“Walk about Zion, and go around about her; tell the towers thereof.” – Psalm xlviii. 12.
ZION, or the city of David, was strongly fortified, her walls were calculated to resist a strong invading force, and her towers were ample and imposing. This city has been chosen throughout the writings of the Old and New Testament as a favorite figure of the church of God, the kingdom of our Lord Jesus Christ. The inspired singer of Israel, in the exalted strains of his devotion, as described in this Psalm, was led to contemplate more than the figure; his prophetic eye glanced down the vista of ages, and beheld with rapture the advent, the kingdom, and the glory of our Lord Jesus Christ. With the understanding then, that the Zion of our text is the spiritual kingdom of Christ, we will inquire, Who are called upon to survey her walls, and to report the number of her towers? Qualifications of a spiritual kind are indispensible to the performance of this work. Not all the wisdom of men can supercede the necessity of the Spirit’s work; for, “Except a man be born again, he cannot see the kingdom of God.” – John iii. 3; and certainly a man, however wise, learned, or great, who cannot see, must be incompetent to tell or count the towers of Zion. If men by wisdom could know God, or if by education, or indefatigable research could learn the invincibility of the bulwarks of the church of God, they would never venture an assault upon her; but God in wisdom has hidden it from their powers of perception, that they may exhaust all their energies in fruitless warfare, for not one of her stakes shall ever be removed, nor one of her cords ever be broken. Souls that are born again, redeemed, and brought with singing to Zion, alone are blessed with the privilege of “Walking round Zion.” The idea in the text of walking round Zion, is not to gratify an idle curiosity, but to prepare the peculiarly favored beholders to make their report to the generation to come, and to fill the soul with confidence in God, that he is abundantly able to keep that which they have committed to him, against that day.
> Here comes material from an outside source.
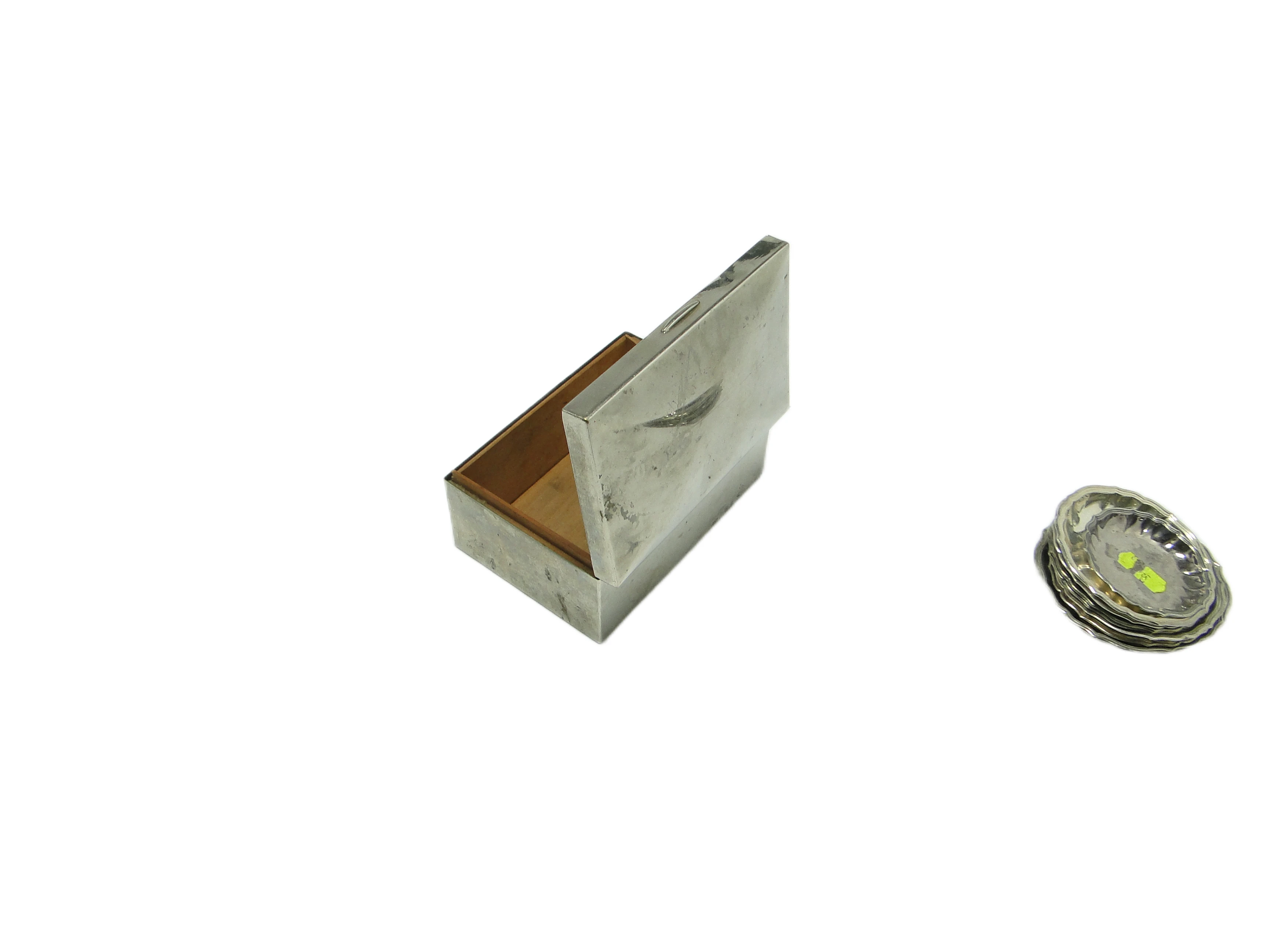 Humidor w stylu Art Deco z Polski z lat 50. to przykład oszczędnej, geometrycznej formy, charakterystycznej dla powojennego modernizmu. Wykonany z chromowanego mosiądzu o chłodnym, srebrzystym odcieniu i subtelnym, metalicznym połysku, posiada zwartą konstrukcję z ostrymi liniami i płaską, lekko sfazowaną pokrywą. Minimalistyczny projekt pozbawiono zbędnych ornamentów, a całość podkreśla niewielki, zintegrowany uchwyt na froncie. Powierzchnia nosi drobne rysy, przetarcia i delikatną patynę, widoczne zwłaszcza na wieczku i bokach, co świadczy o autentyczności vintage. Wnętrze, wyściełane drewnem, zapewnia odpowiednie warunki przechowywania cygar. Brak widocznych okuć dekoracyjnych czy kolorystycznych akcentów skupia uwagę na szlachetności materiału i precyzji wykonania. Stan zachowania bardzo dobry – przedmiot nosi typowe ślady użytkowania, bez poważnych uszkodzeń czy napraw.Ten humidor przywołuje głos epoki, w której polskie rzemiosło z równą dbałością traktowało detal i funkcję. Chłodny chrom odbija światło niczym tafla spokojnej wody, a wyważona geometria sugeruje spokój i dyscyplinę powojennego modernizmu. Forma, choć powściągliwa, niesie opowieść o codziennych rytuałach i przywiązaniu do rzeczy trwałych – to przedmiot, który mógłby być niemym świadkiem dawnych spotkań i wieczorów spędzanych na rozmowach przy cygarze.Humidor można wyeksponować na komodzie lub kredensie w salonie, gdzie jego geometryczne proporcje sprawdzą się zarówno w aranżacjach mid-century modern, jak i we wnętrzach kolekcjonerskich o bardziej eklektycznym charakterze. Warto połączyć go z elementami z naturalnego drewna, szkła lub ceramiki w stonowanych barwach – metaliczna powierzchnia humidora subtelnie ożywi otoczenie. Może również funkcjonować jako akcent na regale wśród książek lub grafik, gdzie jego surowa forma stworzy wyrazisty kontrapunkt dla miękkich tkanin, takich jak wełniany pled czy aksamitna poduszka.

But let us consider what it is to walk around the Zion of our God. Her location, the Psalmist informs us, is in the mountain of the holiness of God, beautiful for situation! The joy of the whole earth is Mount Zion, on the sides of the north; the city of the great King; and God is known in her palaces for a refuge. Can we then circumambulate her walls so as to see her strength, and tell her towers, and yet remain ignorant of the “Holy, Holy, Holy, Lord God Almighty,” in whose holiness she is immutably and eternally established? Fearful emblems of divine Majesty were displayed in giving the preceptive covenant to carnal Israel from the top of Sinai; but they who count the towers of Zion are not come to the mountain that might be touched. No peals of thunder shake the walls of Zion ; no streaming lightnings bear God’s vengeance down to those who dwell within her sacred walls. No gloom of darkness, tempest, fire nor smoke sullies the beauty of her situation. But those who find her gates, come to the city of the living God, to the heavenly Jerusalem, to an innumerable company of angels, to the general assembly and church of the First Born, which are written in heaven, and to God the judge of all, and to the spirits of just men made perfect, and to Jesus the mediator of the new covenant; and to the blood of sprinkling, that speaketh better things than that of Abel.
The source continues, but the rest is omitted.